TASK REQUIREMENTS
Look through the records below for the line with "メモやフォルダの一覧画面では". Return that line and each one after it up to and including the line with "3、数据下载过程中,玩家可点击屏幕左右箭头查看游戏内偶像角色介绍;", exactly.

---- GIVEN RECORDS

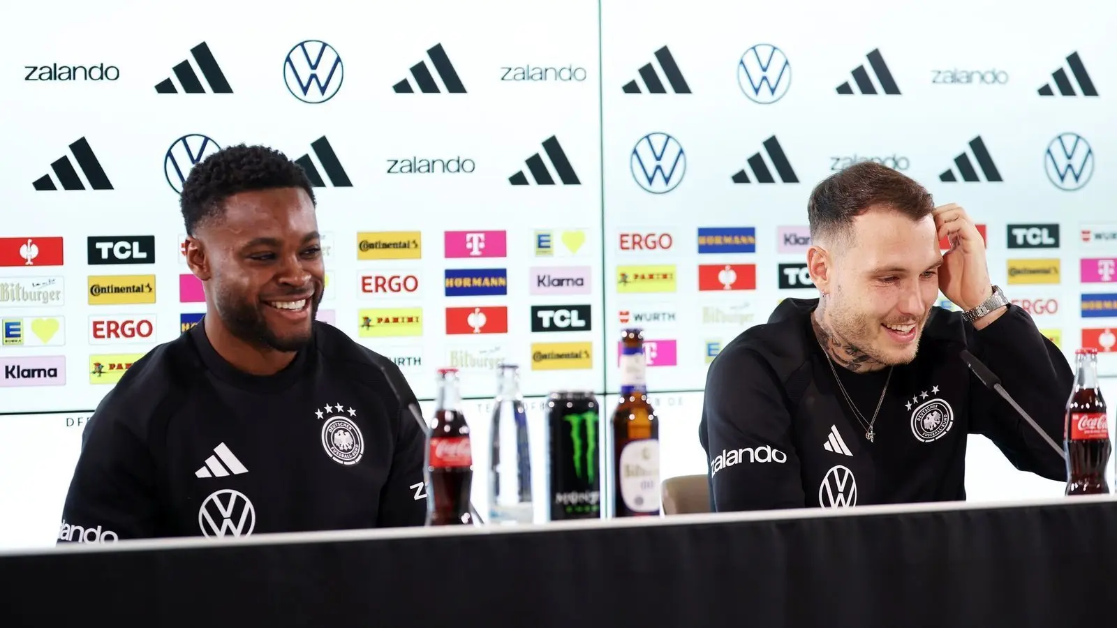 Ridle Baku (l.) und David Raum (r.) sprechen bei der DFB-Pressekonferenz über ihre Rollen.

--------
---- GIVEN RECORDS

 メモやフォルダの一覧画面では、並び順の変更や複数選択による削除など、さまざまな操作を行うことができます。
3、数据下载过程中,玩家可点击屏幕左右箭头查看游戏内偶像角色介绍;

--------
---- GIVEN RECORDS

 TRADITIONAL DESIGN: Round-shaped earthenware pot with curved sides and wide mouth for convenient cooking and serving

--------

PROBLEM SOLUTION
 メモやフォルダの一覧画面では、並び順の変更や複数選択による削除など、さまざまな操作を行うことができます。
3、数据下载过程中,玩家可点击屏幕左右箭头查看游戏内偶像角色介绍;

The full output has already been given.